Com isso, os produtos importados ficarão mais caros, o consumidor brasileiro
vai comprar mais produto fabricado aqui e essas empresas que têm mais tradição
de mercado internacional, que exportavam, vão reativar suas exportações.
Ao
reativar as exportações, você aprende muito, porque há uma disputa difícil.

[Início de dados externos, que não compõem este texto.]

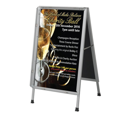 Snapframe Sidewalk Board, 22" x 28", A-frame, spring loaded flip open/snap close, plastic camel feet level, aluminum frame, satin anodized finish

Então, tecnologia vem, produtividade vem, inovação vem, tudo vem pelo desafio
externo, principalmente onde a briga é mais complicada.
Quando
todos se movimentaram na crise a partir de 2008, Estados Unidos, Japão, Europa,
China, todos se armaram para isso, depreciaram suas moedas, injetaram dinheiro
na economia. O Brasil fez o contrário: recuou. Recuou por quê? Porque o grande
mantra do sistema brasileiro é o fantasma da inflação. Assim, diante de
qualquer medida que você tome, automaticamente um vozerio enorme, comandado
sobretudo pelos bancos, vai dizer que vai gerar inflação.
E
olha que há outros instrumentos para combater a inflação sem aumentar a Selic.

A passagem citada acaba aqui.